Firstly, none of the "sensitive" keys are transmitted over the
internet. The PKI mechanism is much safer compared to the symmetric
key mechanisms. Additionally, the payment gateway 57 does not store
any check related information. The payment gateway 57 is
non-financial and therefore does not act as a third-party clearing
house.
[0069] FIG. 10 shows an electronic check with a PKI based
encryption using a real-time financial payment gateway. This
mechanism is quite similar to the previous mechanism disclosed in
FIG. 9, except in this case the payment gateway 57 will also act as
a financial institution or a third-party clearing house. The payor
monies will be received by the payment gateway 57 and deposited in
its neutral account. The bank transmits the finds to the payment
gateway in step 96. The transaction is then sent to the payee 60
and monies will be transferred from the payment gateway 57 to the
payee 60 in step 89. The check barcode will be encrypted using the
payor's bank's public key. Only the bank will be able to decrypt
the barcode using its private key and allow the check to be cashed.
The bank's public key will be setup during software installation on
the payor's personal computer.
[0070] There are many advantages to the electronic check system
shown in FIG. 10. The "sensitive" keys are not transmitted over the
internet and therefore, the PKI mechanism is much safer compared to
the previous symmetric key mechanisms. Additionally, when the
payment gateway 57 is involved at the financial level, the payment
gateway 57 will be able to play a major role in minimizing
fraudulent activities. The payment gateway 57 will also have the
check details, including the check amount, in its audit logs. This
makes dispute resolution much easier and more reliable.

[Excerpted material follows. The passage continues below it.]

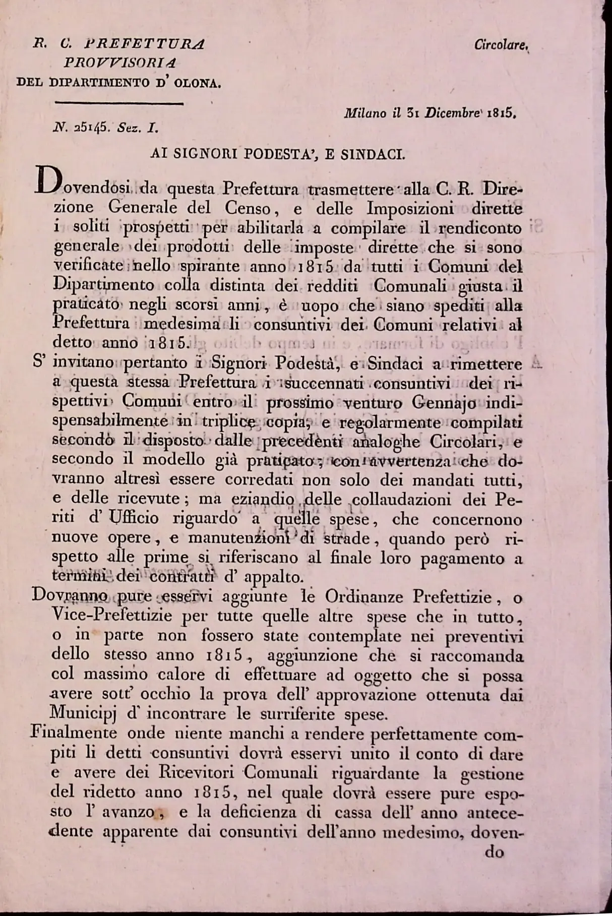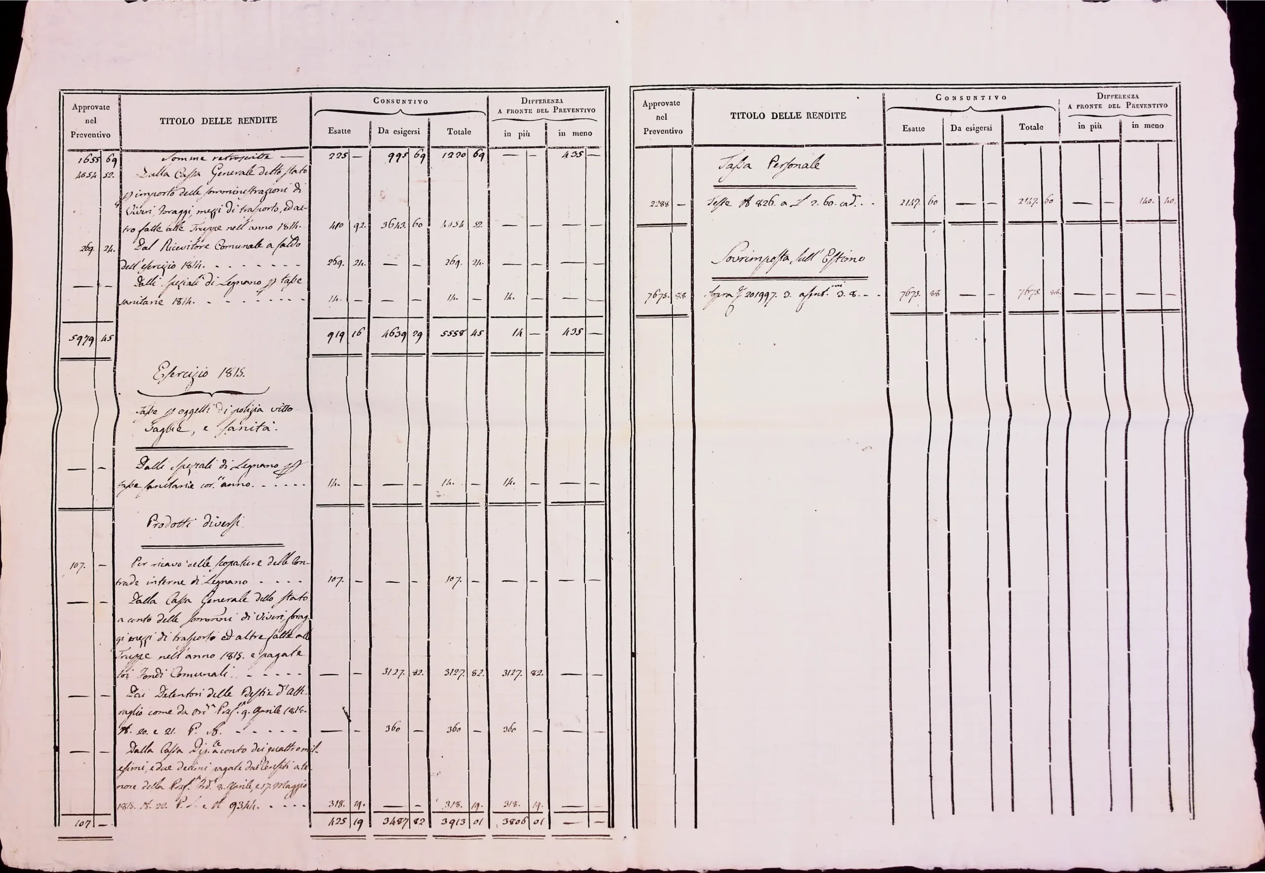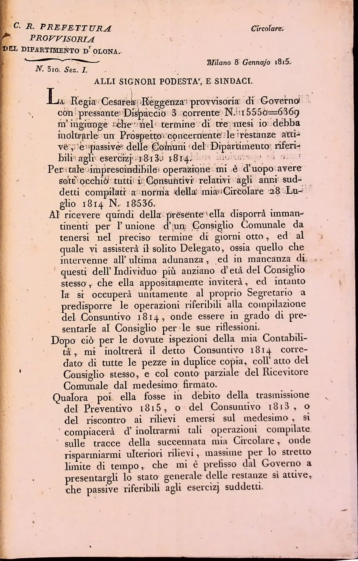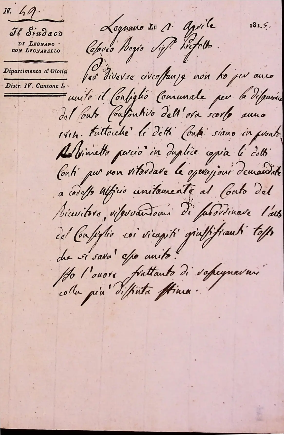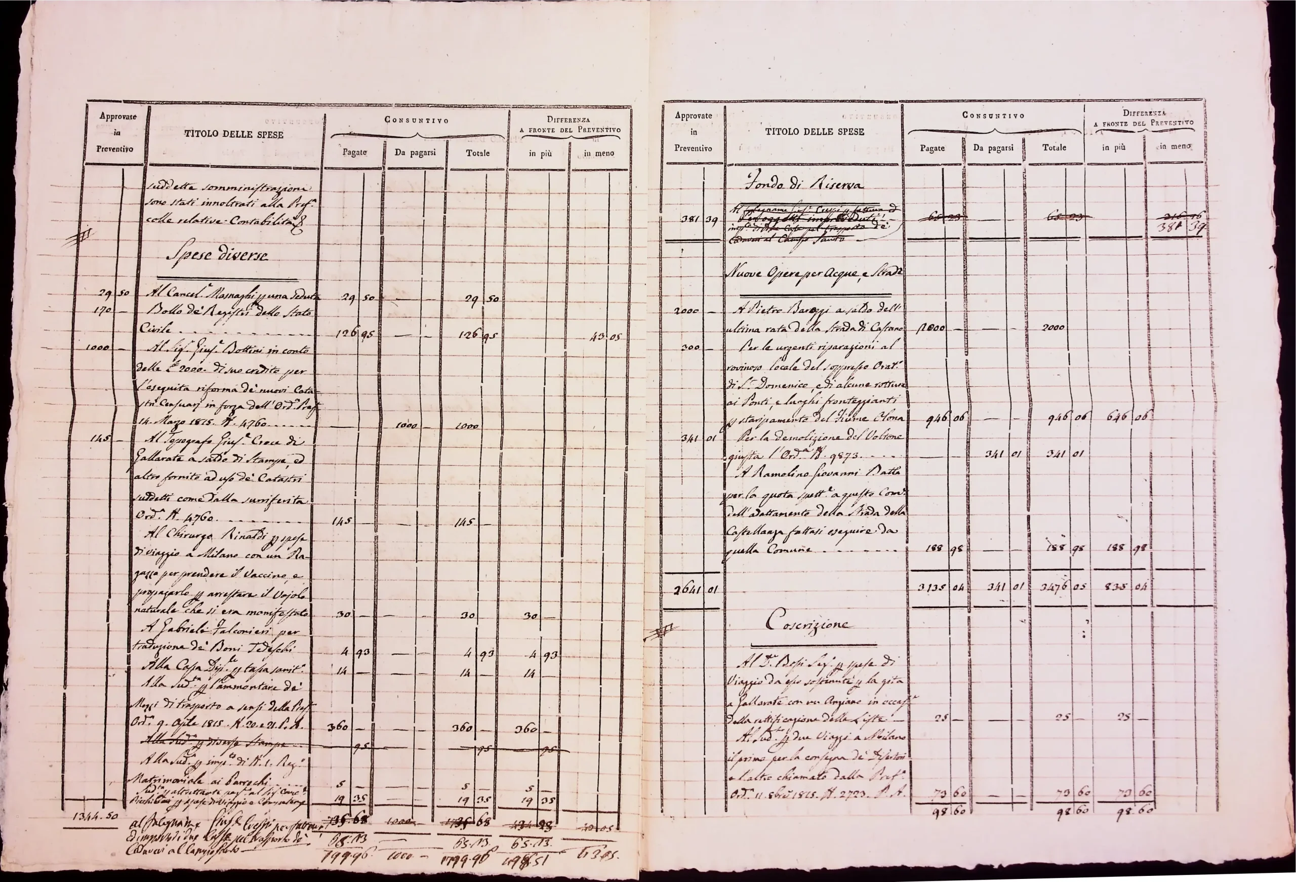 Conto consuntivo del 1815 – Disposizioni e carteggio relativo

[0071] FIG. 11 represents a PKI based encryption using a payment
gateway and email web messaging. As an email based solution this
mechanism cuts down on the disadvantages related to a real-time
system. The payor 59 installs the electronic check payor software
on their machine in step 86. During installation, shown in step 86,
the payor 59 also installs the payment gateway's public key. When
the payor 59 needs to cut a check to the payee 60, the software
will check if it already has payee's public key during step 88. If
the payment gateway 57 does have payee's public key, the software
will encrypt the digital check image using payee's public key and
email encrypted data to the payee directly, as shown in step 101.
Because the system uses PKI, a hacker will not be able to decrypt
the digital image as they would need a private key which is only
with the payee 60. If the payor software does not have payee's
public key it will request the payee's public key from the payment
gateway 57. The payment gateway 57 will check its database for
payee's public key and if it has one, will return the same to payor
who will then encrypt and send the digital image to the payee
directly in step 88. If the payment gateway 57 does not have
payee's public key, it will send a negative response to the payor
59. The payor 59 will then encrypt using the payment gateway's
public key and email the encrypted check image to the payment
gateway 57 shown in step 87. The payment gateway 57 will send an
automatic email to payee 60 to download and install the electronic
check payee software on his personal computer as shown in step 91.
During installation, the payee software will generate the
public/private key pair in step 90. The public key will be sent to
the payment gateway 57, also shown in step 90. The payment gateway
57 will subsequently, decrypt the digital check image using its own
private key, re-encrypt it using payee's public key and send it
through email to payee as shown in step 101. The payee software
will decrypt the electronic check using the payee private key and
print the check image in step 67. The check barcode will be
encrypted using the payor's bank's public key. Only the payor's
bank will be able to decrypt the barcode using its private key and
allow the check to be cashed. The bank's public key will be setup
during software installation on the payor's personal computer.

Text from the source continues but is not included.